--- Input records Enclosed Below ---
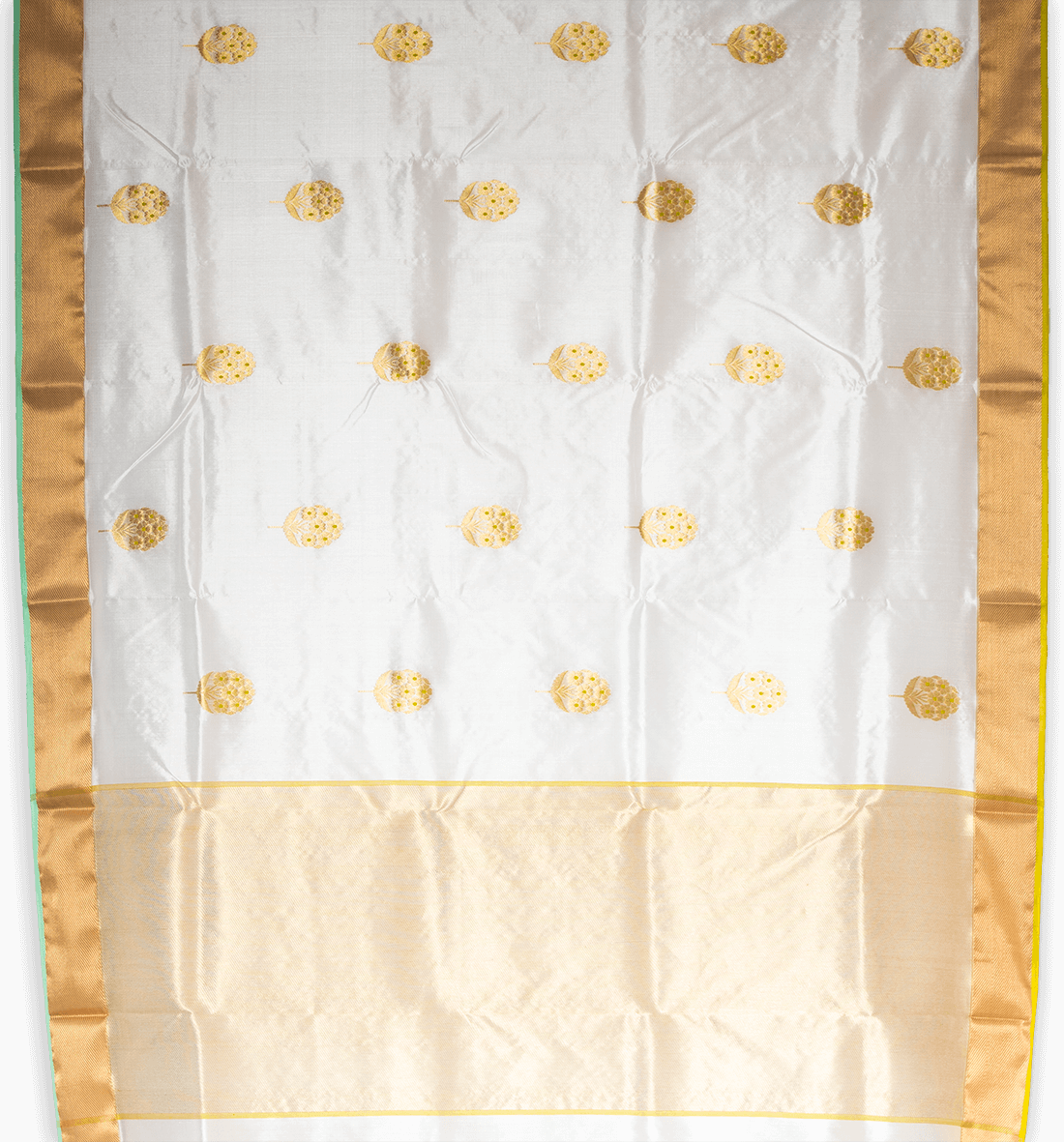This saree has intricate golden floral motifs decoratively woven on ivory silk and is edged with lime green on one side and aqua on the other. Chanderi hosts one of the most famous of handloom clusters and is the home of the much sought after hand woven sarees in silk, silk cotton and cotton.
--- End of Enclosed Input records ---
--- Input records Enclosed Below ---
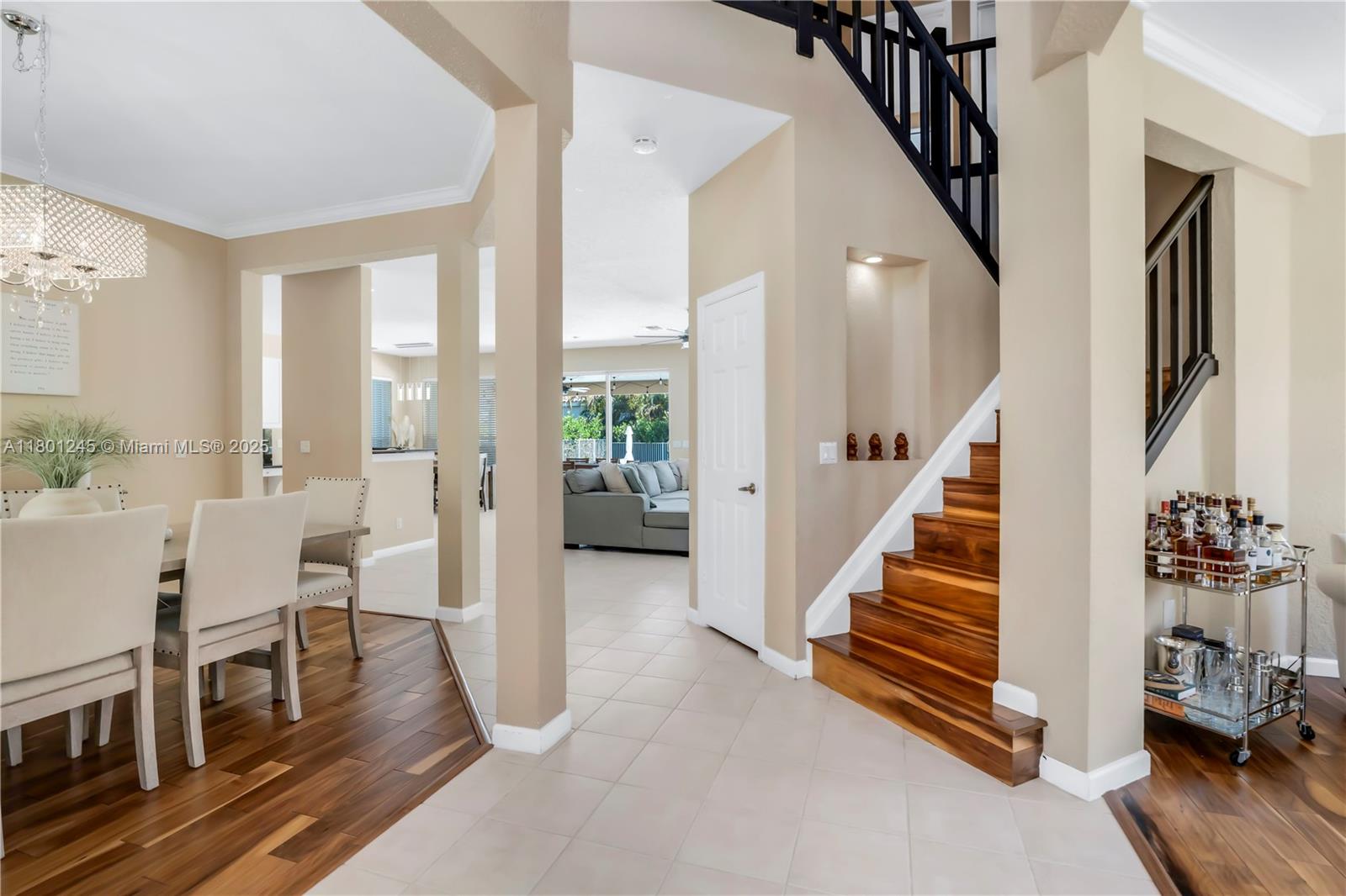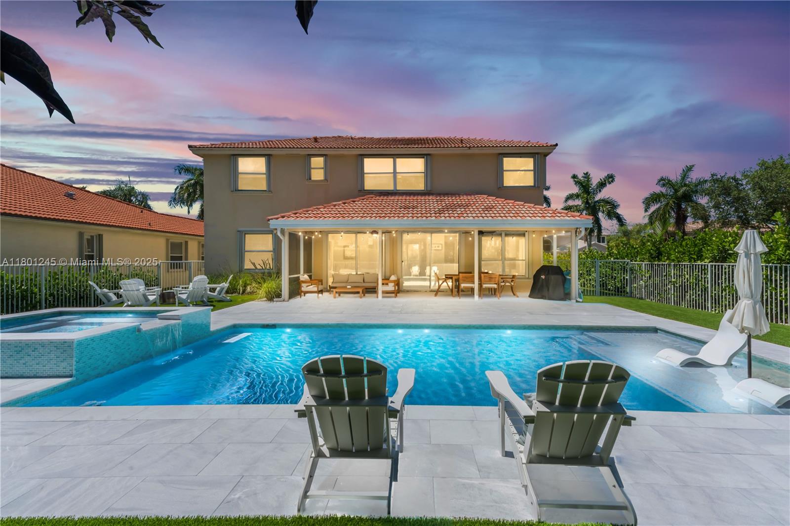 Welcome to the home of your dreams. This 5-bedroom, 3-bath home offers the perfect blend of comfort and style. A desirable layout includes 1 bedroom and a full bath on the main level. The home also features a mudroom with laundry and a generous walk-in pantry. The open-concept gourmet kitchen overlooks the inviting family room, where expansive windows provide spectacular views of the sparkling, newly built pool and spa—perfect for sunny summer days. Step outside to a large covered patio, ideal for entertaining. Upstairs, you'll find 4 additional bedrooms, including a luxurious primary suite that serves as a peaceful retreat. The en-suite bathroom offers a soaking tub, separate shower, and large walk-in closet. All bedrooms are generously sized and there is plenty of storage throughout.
--- End of Enclosed Input records ---
--- Input records Enclosed Below ---
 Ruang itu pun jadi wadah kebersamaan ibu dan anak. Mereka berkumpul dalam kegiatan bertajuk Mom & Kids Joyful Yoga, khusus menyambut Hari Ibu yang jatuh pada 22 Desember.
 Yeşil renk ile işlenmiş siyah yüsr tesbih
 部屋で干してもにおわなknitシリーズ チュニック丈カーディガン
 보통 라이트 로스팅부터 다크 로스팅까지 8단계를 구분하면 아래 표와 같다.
--- End of Enclosed Input records ---
Description of the task » Reproduce exactly the lines above from the line with "Ruang itu pun" to the line with "보통 라이트 로스팅부터 다크 로스팅까지 8단계를 구분하면 아래 표와 같다.", including both, and add nothing.

Task response »
 Ruang itu pun jadi wadah kebersamaan ibu dan anak. Mereka berkumpul dalam kegiatan bertajuk Mom & Kids Joyful Yoga, khusus menyambut Hari Ibu yang jatuh pada 22 Desember.
 Yeşil renk ile işlenmiş siyah yüsr tesbih
 部屋で干してもにおわなknitシリーズ チュニック丈カーディガン
 보통 라이트 로스팅부터 다크 로스팅까지 8단계를 구분하면 아래 표와 같다.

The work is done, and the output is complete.